How Dublin City Council, OpenAI, and Data and Design joined forces to promote local tourism
Gen AI 2

 The Responsible Organisation

Dublin City Council is the local government authority responsible for the city of Dublin, capital of Ireland. As a local government, it provides diverse and numerous services to citizens, including tourism development and promotion. In 2024, Dublin has been selected as the European Capital of Smart Tourism

The Tourism Unit within Dublin City Council specifically focuses on promoting and developing tourism in the city. They drive innovation and technology adoption to support the tourism industry in the city and are the implementors of the tool “A Day in Dublin”.

Smart Dublin is the unit within Dublin City Council dedicated to developing and implementing smart city solutions.

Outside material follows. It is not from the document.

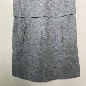 Fun dress by Talula for Aritzia. Gray heathered dress with zipper pockets and back zip closure. Top has a layered looked. Sleeveless. Super versatile! Wear as is or layer over a sweater. Has Stretch. PLEASE NOTE: Color is gray model is for fit example only. All measurements are approximate, taken flat and closed.
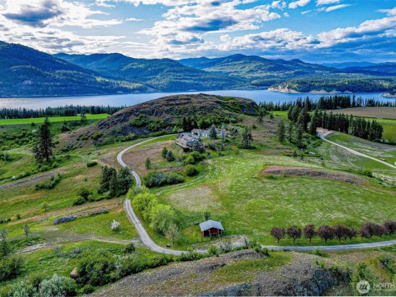 Tremendous opportunity to own a 29-acre property w/unmatched view of Lake Roosevelt just a mile from the Hunters Campground public boat launch. Return from your day on the lake to your 2962 sq. ft. home w/the primary bedroom w/ensuite on the main floor. Entertain friends in the large kitchen & enjoy meals on the 1800 sq. ft. arbor covered deck w/built in BBQ. Other features include laundry on the main, living room w/access to the wrap around deck & a half bath. Upstairs has a loft, 3 bedrooms & ¾ bath. The separate ADU has beautiful, engineered wood floors, 9 ft. ceilings in main living area & 14 ft. ceilings in bedroom, mini split, & propane stove in kitchen. Property has fenced garden area, fruit trees, grapes + 4 fully fenced pastures.

It collaborates with various stakeholders, including technology providers, businesses, and citizens, to identify challenges and develop innovative solutions using technology. 

Data and Design is a startup specialising in data visualisation and storytelling. They transform complex data into engaging visuals and narratives that are easy to understand and interpret. They focus on communicating data-driven insights in a clear and compelling way. In this project, Data and Design's role to provide the AI-powered itinerary planner, through advanced data analytics, in an accessible and user-friendly format.

OpenAI is a leading AI research and development company. They are known for their work on advanced language models, including ChatGPT-4, which powers the "A Day in Dublin" itinerary planner.

For the preparation of this article, an interview has been conducted with the Dublin City Council and Data and Design, as well as with the participation of Barry Rogers, Head of Tourism for Dublin, and Rudy O'Reilly Meehan, the CEO of Data and Design.

The problem

On the one hand, like many popular tourist destinations, Dublin encounters the challenge of maximising the positive impacts of tourism flows to ensure equitable and sustainable growth, while also mitigating its negative effects. Some negative effects of tourism relate to overtourism, which occurs when a large number of visitors concentrate in popular areas, leading to overcrowding at attractions, strained infrastructure, and a negative impact on the environment. Overtourism can diminish the quality of the visitor experience and put pressure on local resources. This is further potentiated by traditional tourism recommendations, that often focus on well-known attractions, inadvertently contributing to overtourism. Guidebooks, websites, and travel agencies tend to highlight the "must-see" sights, leading visitors to the same places. This can result in long queues, crowded spaces, and a less enjoyable experience for tourists. 

Additionally, it might neglect the many hidden and unique experiences and places that a city like Dublin offers. Furthermore, generic recommendations fail to consider tourists’ individual preferences and interests. A one-size-fits-all approach to tourism doesn't consider the diverse needs and desires of visitors. For example, some tourists may be interested in history and culture, while others may prefer outdoor activities or food experiences. This way, visitors may miss out on opportunities that align with their specific interests and have, consequently, a less satisfying experience.

On the other hand, the City Council team has been experimenting with technology solutions and, particularly, AI-based tools across various city services for a long period now. In particular, following Barry Rogers, Dublin Head of Tourism, the Tourism Unit has developed a significant amount of knowledge and learning on tourism technologies, “largely for a few reasons, but mostly because Dublin is a great ecosystem for collaboration amongst [local startups] and large organisations and multinational firms like Google, MasterCard or in this case OpenAI”. Having been selected as the European Capital of Smart Tourism for 2024, the city has implemented a strategic smart tourism programme that comprises both community co-creation, innovation and open innovation processes, and technology adoption to improve the tourism sector. Therefore, there is an expectation that applying generative AI tools to tourism and fostering further collaboration presents the opportunity to experiment and learn how this type of tools can support specifically the tourism sector and industry, as Rogers shared in the interview.

The solution and its implementation

Dublin City Council, recognising the need to address the challenges described and aiming at experimenting Generative AI applications in the tourism sector, has partnered with Data and Design and OpenAI to create a touristic itinerary planner, called "A Day in Dublin" in 2024. This AI-powered tool aims to enhance the visitor experience by providing personalised itineraries tailored to individual interests and preferences.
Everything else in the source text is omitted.